TFS has as one of its features model discovery. Namely, if a new model gets persisted in the directory where models have been specified to live (done usually in a Docker file (see here for more details), and the subdirectory of the model path has a number strictly greater than the existing folders, it will automatically load it.

Although useful, this formulation is clearly quite inflexible. If you want to modify the discovery scheme, you’d have to fiddle with TFS’s C++ API. If instead you’d like to roll back models, you may have to create a new directory or modify the existing ones.

Racket instead abstracts away TFS the versioning schematics and allows the user to simply define the model version when instantiating a new model, while allowing the user to any specific version with a single cli command.

Model versions in racket follow semantic versioning and are supplied to it as strings.

Learners

Apart from the CLI and the RESTful access layer, most of the public API revolves around the Learner set of classes. These essentially define the patterns of interaction between the code that generates the models and the filesystem/database.

The idea is letting the user define the core of their needs (i.e., the learner’s architecture) while getting for free the storage, versioning, and serving capabilities.

A Word on Persistence

The project relies heavily on SQLAlchemy to manage model metadata. I’ve found it to greatly reduce complexity when managing a relatively high number of models, as it makes it extremely easy to query for, and reason about the existing models. As a default, the project will use SQLite as its default data store, but that can be changed very easily by changing the configuration and specifying a database backend in the racket.yaml file, which gets generated automatically once the racket init command gets called.

Usage

While the DemoVideo provides a quick overview of the functionality of racket, this document will explain in detail the steps of the demo, and provide resources to learn more about the inner workings of the project.

Starting a New Project

From the command-line:

racket init --name project-name --path path/to/directory

Will create a directory named project-name in the the specified path with all the required files to start serving models. Of particular note, the directory will have the following files:

docker-compose.yaml
Dockerfile
racket.yaml
regression.py
classification.py
.gitignore

To start TensorFlow Serving (TFS), run:

docker-compose up --build

Add the -d flag if you’d like to run it on the background.

Serving Your First Model

To create a new model, you can edit the classification.py or the regression.py. Those files define very basic Keras models, but they have a few quirks. Namely, the class definition inherits from the classracket.KerasLearner, which provides built in functionality to store models in a suitable format for TFS, as well as functionality to store metadata and historical scores of the model. The methodracket.KerasLearner.store() is responsible for this functionality.

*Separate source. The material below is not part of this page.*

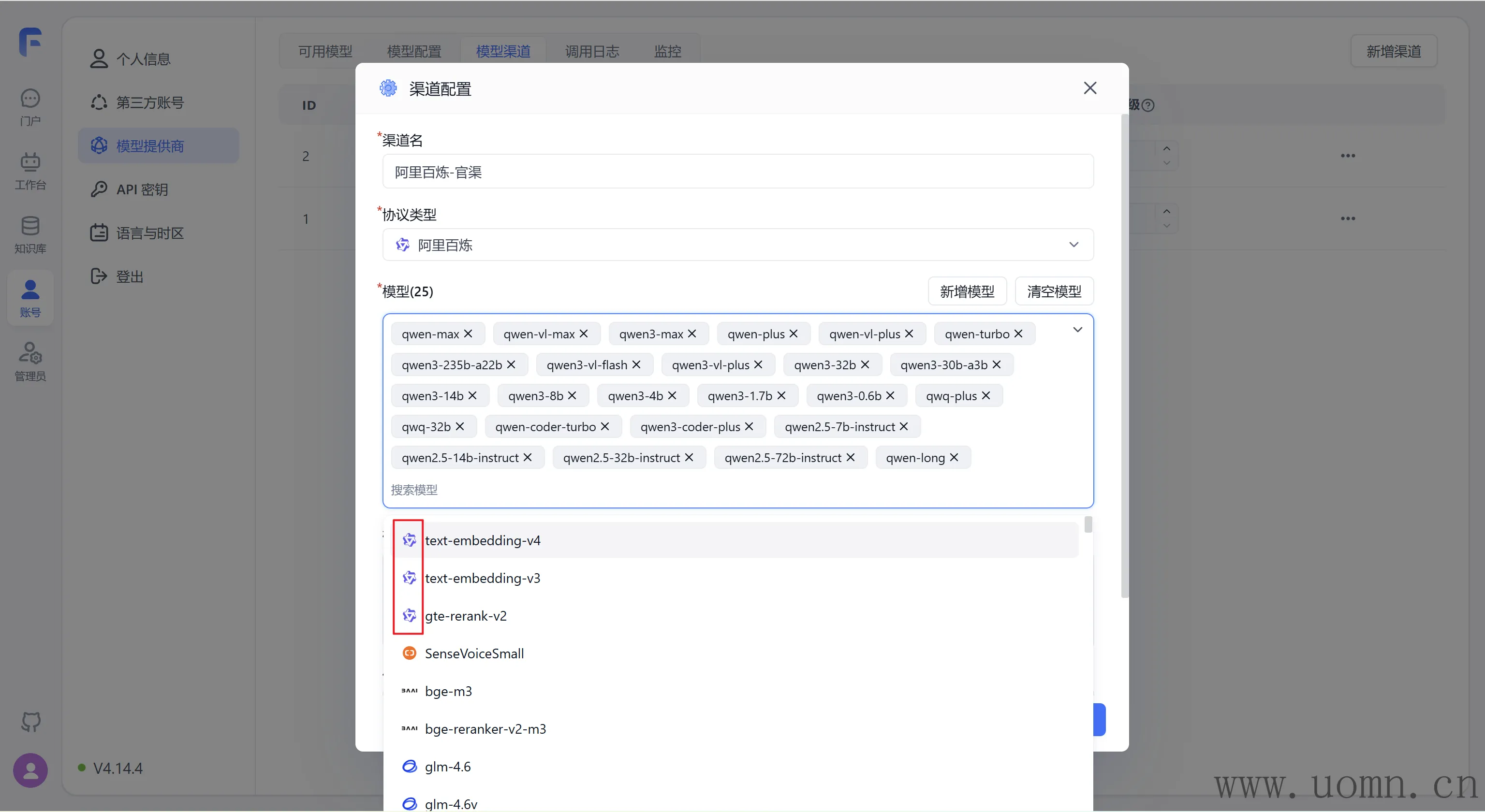 关于模型选择,只要有阿里百炼图标的都选上,如下图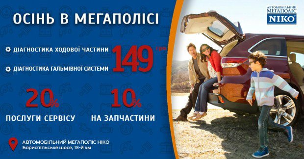 Воспользуйтесь выгодными сервисными условиями в официальных дилерских центрах «Автомобильного Мегаполиса НИКО» на Бориспольском шоссе, 13-й км.

The KerasLearner Base Class

In order to user the class as your base class, when you create a class that inherits from it you must define a few things. Namely, it must have the following attributes and methods implemented:

Required attributes:

  • VERSION: a string of the form 'major.minor.patch'
  • MODEL_TYPE: a string specifying what kind of model it is (e.g. a regression or classification) a string specifying the model’s name
  • MODEL_NAME: a string specifying the model’s name

Required methods:

  • fit(x, y, x_val, y_val, *args, **kwargs): a method that specifies how to fit the model
  • build_model(): a method that specifies how to compile the model

That’s all. Having done that, you can call fit() as you normally would, after which you can call store(), which will take care of all the wiring needed to version, serve, serialize, and expose the model.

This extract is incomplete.